Now We Are All Sons of Bitches

Review

There are some that will call Braid pretentious. The latest Xbox Live Arcade offering certainly wears its artsy-fartsy nature proudly. The graphics evoke a watercolor painting, a classical score sets the mood, and a multi-layered plot hints at a metaphor for something more sinister than anyone would have guessed. This is a game that will get you thinking in some degree. Braid is a simple, Mario-esque, 2D platformer that mixes time-related gimmicks with a hunt for puzzle pieces. Braid is a quest to save the princess. Braid is the story of a man trapped in a marriage, regretful of his mistakes, endlessly searching for the girl of his dreams. Braid is all of these things, and yet it may ultimately be a metaphor for the Manhattan Project and the creation of the nuclear bomb. Pretentious? Sure, if pretension is the label we put on anything that attempts to set a mood, be more than the sum of its parts, push you to think a bit, and not treat its audience like idiots.

The ominous and very classy opening screen of Braid

Braid is a game that wants to win everyone over, without ever compromising itself. Yes, it presents its plot in large text bubbles, a storytelling technique incongruous with the video game medium. This plot is, though, entirely optional. In fact, most of the game is entirely optional. One could skip the plot, blow through any levels that stump them, and still find something to love. Those that dig deeper will be rewarded justly. The heart of the game is trying to find the way to each puzzle piece. Players can rewind time at any moment, with further time manipulation abilities offered later on.
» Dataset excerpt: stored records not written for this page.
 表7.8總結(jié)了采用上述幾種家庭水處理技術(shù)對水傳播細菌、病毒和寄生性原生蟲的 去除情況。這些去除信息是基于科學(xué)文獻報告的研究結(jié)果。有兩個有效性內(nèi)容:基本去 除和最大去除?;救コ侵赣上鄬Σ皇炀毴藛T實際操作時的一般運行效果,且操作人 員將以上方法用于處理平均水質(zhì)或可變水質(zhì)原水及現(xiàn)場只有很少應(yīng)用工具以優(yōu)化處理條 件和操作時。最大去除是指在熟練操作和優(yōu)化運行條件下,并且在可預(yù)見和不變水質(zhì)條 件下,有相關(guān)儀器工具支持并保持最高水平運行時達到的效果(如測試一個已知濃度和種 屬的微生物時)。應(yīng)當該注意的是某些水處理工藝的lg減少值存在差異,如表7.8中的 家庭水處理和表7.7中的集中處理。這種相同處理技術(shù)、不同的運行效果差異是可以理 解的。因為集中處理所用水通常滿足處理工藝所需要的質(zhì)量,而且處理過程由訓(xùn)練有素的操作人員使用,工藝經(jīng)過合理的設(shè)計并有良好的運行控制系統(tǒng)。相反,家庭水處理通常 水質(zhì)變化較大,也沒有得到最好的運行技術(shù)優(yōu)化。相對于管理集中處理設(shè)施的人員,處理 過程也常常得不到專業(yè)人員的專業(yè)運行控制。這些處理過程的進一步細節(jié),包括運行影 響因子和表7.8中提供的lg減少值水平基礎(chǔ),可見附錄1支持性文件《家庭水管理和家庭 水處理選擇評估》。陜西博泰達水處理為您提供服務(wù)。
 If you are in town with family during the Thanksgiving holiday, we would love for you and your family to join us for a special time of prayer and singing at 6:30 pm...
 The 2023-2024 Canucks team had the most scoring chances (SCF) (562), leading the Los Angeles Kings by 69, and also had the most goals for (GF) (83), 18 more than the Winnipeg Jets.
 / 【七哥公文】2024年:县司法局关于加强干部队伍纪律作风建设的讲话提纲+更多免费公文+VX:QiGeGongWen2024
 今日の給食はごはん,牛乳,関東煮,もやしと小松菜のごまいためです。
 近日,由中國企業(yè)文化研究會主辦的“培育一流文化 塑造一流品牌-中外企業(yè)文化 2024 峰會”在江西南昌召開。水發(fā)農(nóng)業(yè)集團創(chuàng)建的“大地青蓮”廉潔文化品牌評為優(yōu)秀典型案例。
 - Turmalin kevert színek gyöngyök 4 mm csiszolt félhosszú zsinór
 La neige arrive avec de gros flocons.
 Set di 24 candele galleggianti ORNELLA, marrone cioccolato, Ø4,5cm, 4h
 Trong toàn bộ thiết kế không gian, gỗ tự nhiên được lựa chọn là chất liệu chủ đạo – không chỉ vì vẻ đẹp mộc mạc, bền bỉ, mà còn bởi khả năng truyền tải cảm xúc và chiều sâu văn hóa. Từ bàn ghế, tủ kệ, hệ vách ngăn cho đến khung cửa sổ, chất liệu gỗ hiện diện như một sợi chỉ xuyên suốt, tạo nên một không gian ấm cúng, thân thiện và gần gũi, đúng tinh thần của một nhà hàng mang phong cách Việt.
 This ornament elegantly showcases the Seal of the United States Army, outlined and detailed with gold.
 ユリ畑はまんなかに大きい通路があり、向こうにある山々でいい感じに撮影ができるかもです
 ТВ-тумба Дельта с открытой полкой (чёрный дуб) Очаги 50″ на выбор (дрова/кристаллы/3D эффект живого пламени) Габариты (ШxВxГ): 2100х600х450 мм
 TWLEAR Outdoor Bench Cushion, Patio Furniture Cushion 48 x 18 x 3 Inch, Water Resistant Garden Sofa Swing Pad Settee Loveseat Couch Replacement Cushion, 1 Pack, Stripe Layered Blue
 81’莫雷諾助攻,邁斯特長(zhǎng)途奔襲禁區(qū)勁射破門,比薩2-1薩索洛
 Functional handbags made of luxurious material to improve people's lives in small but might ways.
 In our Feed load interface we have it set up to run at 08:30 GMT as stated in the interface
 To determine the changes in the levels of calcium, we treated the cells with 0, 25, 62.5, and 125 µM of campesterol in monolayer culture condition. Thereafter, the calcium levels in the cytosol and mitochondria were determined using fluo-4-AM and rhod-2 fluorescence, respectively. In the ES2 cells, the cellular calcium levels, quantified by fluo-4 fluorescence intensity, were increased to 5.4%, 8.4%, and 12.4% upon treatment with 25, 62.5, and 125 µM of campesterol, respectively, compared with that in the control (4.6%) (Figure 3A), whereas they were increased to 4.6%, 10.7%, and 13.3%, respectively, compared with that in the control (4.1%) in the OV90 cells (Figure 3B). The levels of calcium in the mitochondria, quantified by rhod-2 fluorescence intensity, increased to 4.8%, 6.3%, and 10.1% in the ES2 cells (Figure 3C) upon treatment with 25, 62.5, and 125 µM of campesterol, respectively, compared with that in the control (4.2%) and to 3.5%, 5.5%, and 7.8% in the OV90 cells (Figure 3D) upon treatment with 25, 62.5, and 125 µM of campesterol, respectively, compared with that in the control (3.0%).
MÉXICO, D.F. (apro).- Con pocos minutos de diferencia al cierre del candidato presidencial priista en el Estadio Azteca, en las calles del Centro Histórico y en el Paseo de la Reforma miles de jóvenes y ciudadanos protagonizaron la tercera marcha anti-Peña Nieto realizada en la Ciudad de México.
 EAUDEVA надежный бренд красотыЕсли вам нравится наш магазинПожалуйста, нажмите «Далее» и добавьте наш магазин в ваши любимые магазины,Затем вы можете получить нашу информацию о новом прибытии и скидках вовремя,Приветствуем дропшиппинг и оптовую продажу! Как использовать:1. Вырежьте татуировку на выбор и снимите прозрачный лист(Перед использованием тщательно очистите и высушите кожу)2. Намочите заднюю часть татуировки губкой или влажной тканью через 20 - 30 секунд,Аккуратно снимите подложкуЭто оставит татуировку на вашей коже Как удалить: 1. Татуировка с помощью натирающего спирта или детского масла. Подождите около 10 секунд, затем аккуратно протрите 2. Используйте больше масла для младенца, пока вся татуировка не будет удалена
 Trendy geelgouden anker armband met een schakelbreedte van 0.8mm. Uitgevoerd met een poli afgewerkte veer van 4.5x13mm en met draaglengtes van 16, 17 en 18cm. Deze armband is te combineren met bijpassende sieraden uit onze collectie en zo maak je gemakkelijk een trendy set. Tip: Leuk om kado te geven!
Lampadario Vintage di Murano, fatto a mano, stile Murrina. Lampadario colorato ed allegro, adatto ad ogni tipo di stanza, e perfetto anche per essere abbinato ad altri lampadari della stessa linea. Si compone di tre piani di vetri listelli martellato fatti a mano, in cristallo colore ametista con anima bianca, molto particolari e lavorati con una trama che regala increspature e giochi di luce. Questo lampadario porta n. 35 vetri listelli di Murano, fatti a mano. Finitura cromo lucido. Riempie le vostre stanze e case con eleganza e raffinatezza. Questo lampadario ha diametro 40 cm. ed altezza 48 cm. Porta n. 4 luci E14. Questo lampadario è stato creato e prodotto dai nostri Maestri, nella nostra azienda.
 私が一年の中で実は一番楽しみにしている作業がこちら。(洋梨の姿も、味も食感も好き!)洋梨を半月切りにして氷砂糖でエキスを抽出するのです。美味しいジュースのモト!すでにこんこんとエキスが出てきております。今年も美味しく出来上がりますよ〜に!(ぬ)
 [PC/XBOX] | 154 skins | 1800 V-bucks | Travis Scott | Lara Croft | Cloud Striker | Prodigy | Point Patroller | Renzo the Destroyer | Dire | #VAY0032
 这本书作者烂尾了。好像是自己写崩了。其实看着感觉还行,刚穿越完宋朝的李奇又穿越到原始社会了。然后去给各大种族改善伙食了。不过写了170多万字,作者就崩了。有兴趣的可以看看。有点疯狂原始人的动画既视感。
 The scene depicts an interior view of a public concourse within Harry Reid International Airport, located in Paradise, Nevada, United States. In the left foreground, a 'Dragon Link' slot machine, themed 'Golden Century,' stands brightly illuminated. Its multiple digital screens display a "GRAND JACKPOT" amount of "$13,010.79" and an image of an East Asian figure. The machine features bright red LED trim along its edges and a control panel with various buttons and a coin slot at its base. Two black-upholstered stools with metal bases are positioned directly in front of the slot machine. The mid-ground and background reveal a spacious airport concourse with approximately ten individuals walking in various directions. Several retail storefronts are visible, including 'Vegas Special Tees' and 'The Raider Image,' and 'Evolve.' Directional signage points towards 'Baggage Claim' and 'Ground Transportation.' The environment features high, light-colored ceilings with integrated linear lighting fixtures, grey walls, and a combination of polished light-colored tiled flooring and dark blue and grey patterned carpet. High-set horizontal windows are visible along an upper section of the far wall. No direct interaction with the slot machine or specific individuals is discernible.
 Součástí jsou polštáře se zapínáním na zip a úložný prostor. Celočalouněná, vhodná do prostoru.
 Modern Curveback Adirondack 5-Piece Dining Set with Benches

Each ability is worked into the puzzles in brilliant ways, playing with your expectations, and while even at their most mind-boggling, are entirely workable, and all the more rewarding. Finding every puzzle piece in the game opens the final level, and just when you think a simple plot of love (with elements that anyone can relate to) will come to a close, this braid unravels further. Where the game asks you to think through its various brainteasers, in the end it gives you bits and pieces as a reward. This deeper plot is itself a puzzle, with the pieces all there before you, and it is, again, entirely optional.

Braid references several classic platformers, including Mario, Donkey Kong, and Elevator Action.

We need more games like Braid. As the industry expands, I can only hope there is a place for something like this. In movies, this would be the equivalent of a David Lynch film – a simplistic concept surrounded by a mess of seemingly disconnected elements, and yet they all come together to be something more. This is powerful, smart stuff, on an entirely unpretentious level, allowing anyone to get something out of it. Funny how the last time I felt the power of storytelling in gaming was in Call of Duty 4, watching my character die of radiation poisoning in the aftermath of a nuclear detonation.